Saturday, May 9, 2009

Watching The Watchmen


Pam and I were having a conversation about how we didn't care about big movies anymore. I say its because we were burned one two many times. We enjoyed the Bournes, but felt unfulfilled after a Mission Impossible sequel. Neither of us could get excited about the new Star Trek. There are exceptions to this rule. Pam is looking forward to the new Terminator product.

Somehow our discussion of big movies evolved into plans to go to the Academy Theater on 78th and Stark to go see Watchmen. It is a neighborhood of autoshops, places where you can get a Patty Melt and a Bloody Mary like Thatchers, and couple of pizza joints. The Academy is proof that you an old auditorium can be pleasantly reconstituted and plexed. They serve their wine in a glass and have daycare. I think admission is three bucks for flicks soon on their way to DVD. (Idea for a poem -- movies leaving theaters for cable/DVD/Netflix/Basic Cable/LifeTime and AMC/DVD cutout racks at Hollywood and Blockbuster could be compared to cute farm animals going to the feed lot and then to slaughterhouse, grocery store and then to your plate.

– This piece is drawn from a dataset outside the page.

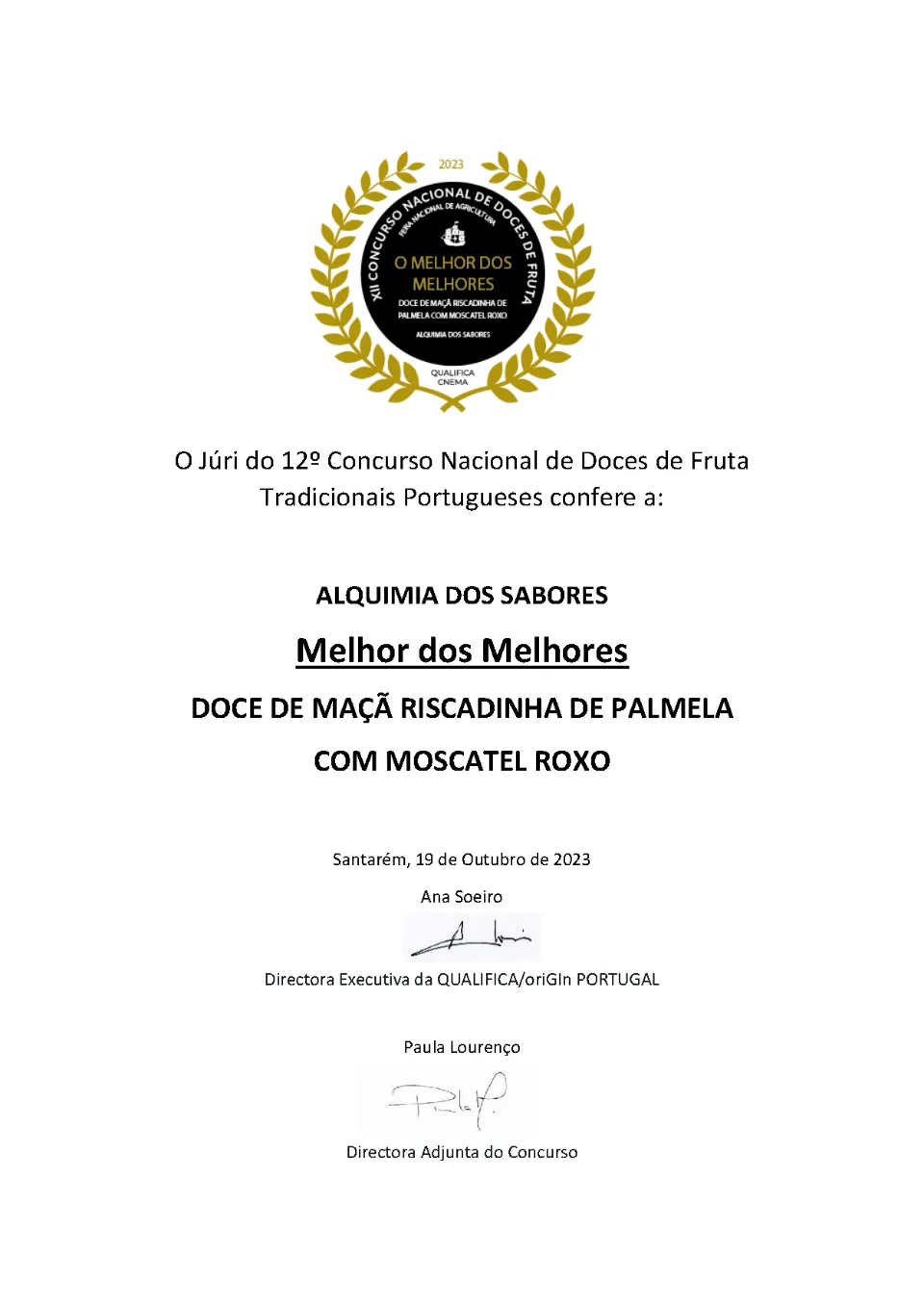 O júri do 12.º Concurso Nacional de Doces de Fruta Tradicionais Portugueses conferiu à Alquimia dos Sabores o título de o Melhor dos Melhores pelo Doce de Maçã Riscadinha de Palmela com Moscatel Roxo.

I wasn't really aware of the whole Watchmen phenomena until some of my students were reading it and I saw several Watchman hoddies among the laptop gaming clique. Librarian Z filled me in a little bit. Pam then read the comic, which looked like too big a project before seeing the movie, but I was struck by some impressions she shared about it along with some other comments I saw and read at a glance. Movie comics are pretty sketchy, but then I realized that I was basing my impression on Dark Knight and The Spirit. So actually my issue is probably with Frank Miller, who I liked best when he interviewed Will Eisner (then made hash out of Eisner's great contribution to pop culture and American comics, The Spirit.

The Watchmen was an intriguing and engaging movie experience for me for a number of reasons. Mainly because seeing it was a new world complete, and I entered it with no expectations. The speculative world of what 85 would be like if Nixon was to run for five terms also was very cool with dead on pop culture references with kind of look alike imitators for everyone from McLaughlin Group panels to Annie Leibovitz at a photo shoot, to Nixon and Kissinger jowling about Nuclear War.

Then there are the superheroes with baggage and disconnects, just like real folk. The actors were almost entirely unknowns to a a good part of the planet and that added to the buy in for this wild tale which covered everything from nuclear war to being true to yourself for nearly three hours.

The look of the film and the consistency of really cool special effects helped it out as well. There is a kind of nerdly joy in this movie, that I haven't really seen realized in a similar way since I first saw the first Matrix movie. Look forward to checking out the comic next, but I doubt you'll see me at Wolverine ever or Star Trek maybe until it shows up at the Academy with the feed lot trucks parked out back.